→ **Activity**
Beneath this instruction is a listing; print exactly the lines in it starting at the line that contains "Dit horloge heeft een" and going through the line that contains "CCL. Der Rath".

--- Materials provided Enclosed Below ---

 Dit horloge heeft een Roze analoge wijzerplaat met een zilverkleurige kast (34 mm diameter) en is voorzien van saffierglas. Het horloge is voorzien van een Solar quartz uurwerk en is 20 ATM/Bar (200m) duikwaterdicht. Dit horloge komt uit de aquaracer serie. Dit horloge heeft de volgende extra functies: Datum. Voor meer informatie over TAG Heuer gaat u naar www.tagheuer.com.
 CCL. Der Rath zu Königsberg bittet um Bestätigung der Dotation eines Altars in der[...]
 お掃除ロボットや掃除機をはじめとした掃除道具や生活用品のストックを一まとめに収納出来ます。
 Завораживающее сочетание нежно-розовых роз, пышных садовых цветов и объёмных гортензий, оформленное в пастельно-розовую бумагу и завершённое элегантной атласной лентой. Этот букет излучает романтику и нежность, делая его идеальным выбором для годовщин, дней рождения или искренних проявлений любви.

--- End of Enclosed Materials provided ---
--- Materials provided Enclosed Below ---

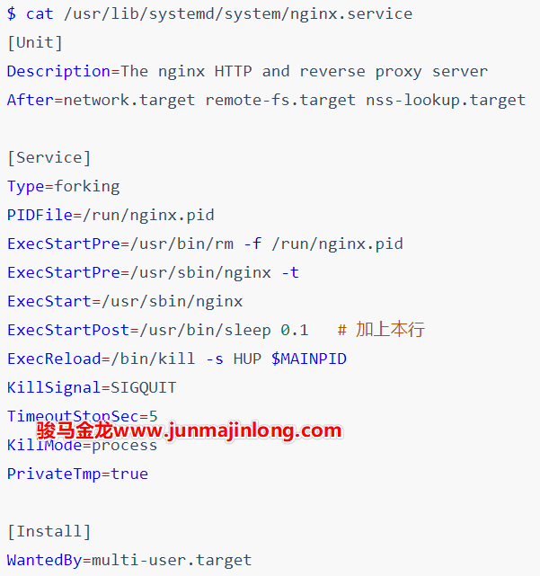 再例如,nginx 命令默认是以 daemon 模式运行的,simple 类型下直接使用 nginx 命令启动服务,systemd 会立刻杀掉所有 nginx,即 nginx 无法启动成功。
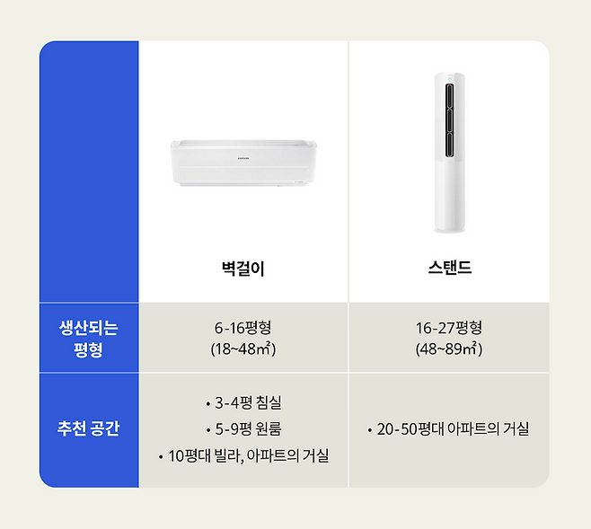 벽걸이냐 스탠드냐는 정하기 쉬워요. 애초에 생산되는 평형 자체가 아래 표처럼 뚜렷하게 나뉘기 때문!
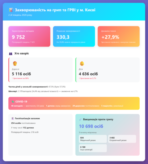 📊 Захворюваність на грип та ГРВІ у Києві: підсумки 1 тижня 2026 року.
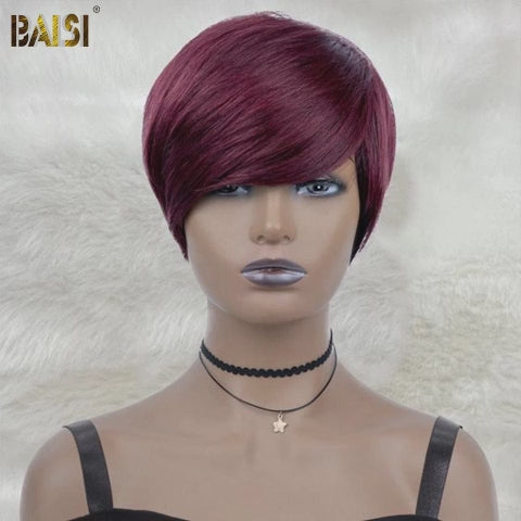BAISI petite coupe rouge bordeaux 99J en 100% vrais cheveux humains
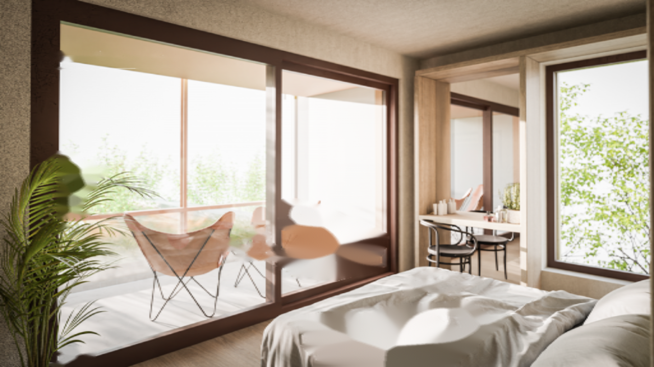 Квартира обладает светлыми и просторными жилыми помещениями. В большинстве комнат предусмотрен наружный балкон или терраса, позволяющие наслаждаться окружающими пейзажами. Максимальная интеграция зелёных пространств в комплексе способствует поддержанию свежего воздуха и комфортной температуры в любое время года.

--- End of Enclosed Materials provided ---

→ **Exercise output**
 Dit horloge heeft een Roze analoge wijzerplaat met een zilverkleurige kast (34 mm diameter) en is voorzien van saffierglas. Het horloge is voorzien van een Solar quartz uurwerk en is 20 ATM/Bar (200m) duikwaterdicht. Dit horloge komt uit de aquaracer serie. Dit horloge heeft de volgende extra functies: Datum. Voor meer informatie over TAG Heuer gaat u naar www.tagheuer.com.
 CCL. Der Rath zu Königsberg bittet um Bestätigung der Dotation eines Altars in der[...]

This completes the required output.